In Georgia The DeKalb County Board of Health (DCBH) used the funds to support the adoption of a strengthened county clean indoor air ordinance (CIAO) and partnered with the Georgia Alliance for Tobacco Prevention (GA Alliance) to train coalition partners and finance a media campaign in support of state cigarette tax increase. Additionally, the DCBH used CPPW funds to conduct a focus group using exotic dancers from a local strip joint to gauge support for a strengthened CIAO. The group is asking for further investigation of the program and says the request is timely, considering the scheduled release of $2 billion annually, starting in 2015, for a similar program under President Obama’s Patient Protection and Affordable Care Act.
In one example, California’s Santa Clara County Public Health Department allegedly used taxpayer money to hire a tobacco-retail-license coordinator to lobby for a workplace smoking ordinance and also used program funds to support a state-wide tobacco tax increase.
In the South Carolina case, the CDC found the state violated rules by using program money to plan a press conference to lobby a city council to support a pending, clean-indoor-air ordinance with no exemptions.
All of the above and other examples in the report are against the law–
the measure has been codified at 18 U.S.C. § 1913, and was most recently amended in 2002. The statute now reads, in part:
No part of the money appropriated by any enactment of Congress shall . . . be used directly or indirectly to pay for any personal service, advertisement, telegram, telephone, letter, printed or written matter, or other device, intended or designed to influence in any manner a Member of Congress, a jurisdiction, or an official of any government, to favor, adopt, or oppose, by vote or otherwise, any legislation, law, ratification, policy or appropriation.
The DOJ has repeatedly interpreted the Anti-Lobbying Act as prohibiting “grassroots lobbying,” i.e. campaigns of telephone calls, telegrams, letters, or other disseminations particularly directed at members of the public urging them to contact government officials about pending legislation.
The DOJ has also addressed whether the statute is restricted in its application solely to federal employees, concluding that, since the 2002 amendment, the answer is no:
We do not believe that section 1913 is limited to lobbying by agency officials as such.

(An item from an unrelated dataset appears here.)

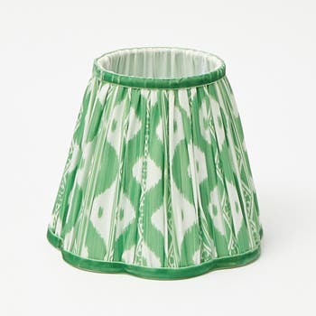 Our crisp Apple Green Ikat Scalloped Lampshade adds a fresh touch to your home.Elegant and chic, it features Serena Fresson's Ikat Fabric in a fabulous apple green with a matching darker green velvet trim.
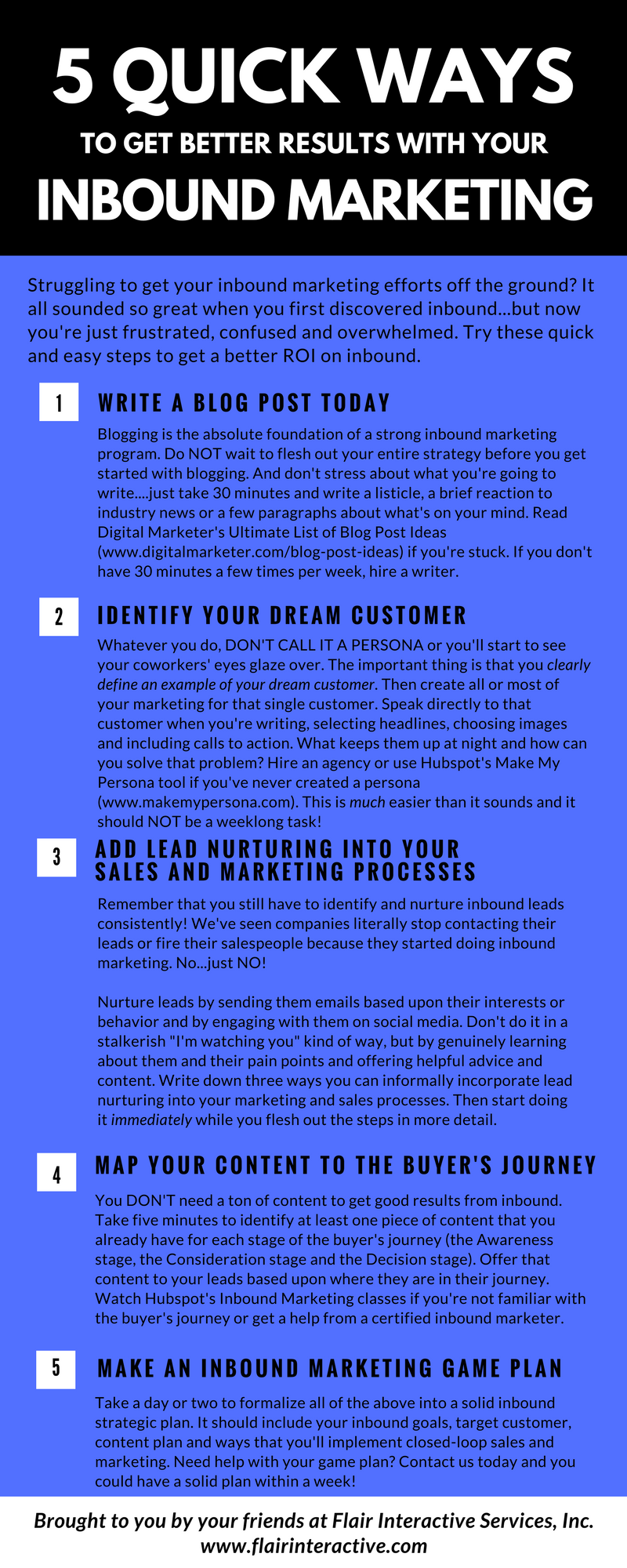 Our team of content strategists and inbound marketers has identified a list of the top five mistakes that we've seen inbound marketers make over and over and over again, and we're sharing it with you so you can save yourself a lot of time, money and headaches. Trust us when we say that taking shortcuts now will cost you more later.

The prohibitory portion of section 1913 – “[n]o part of the money appropriated by any enactment of Congress shall, in the absence of express authorization by Congress, be used directly or indirectly” for prohibited purposes– is not limited to the communication of agency positions. Rather, its language on its face applies to the use of appropriated funds for any communications designed to influence Members of Congress or other officials with respect to any legislation, law, ratification, policy, or appropriation . . . [A]mendments to section 1913 enacted in 2002 removed language that had limited the penalties under that section to ‘an officer or employee of the United States or of any department or agency thereof,’ see Pub. L. No. 107-273, Div. A, Title II, § 205(b), 116 Stat. 1778 (2002), and thus undermined any argument that only lobbying by persons acting for an agency in an official capacity would be covered.
In other words our tax dollars are not only being used to promote a nanny state, but its being done so illegally. Perhaps Congress should take away the $2 Billion dollars to be spent next.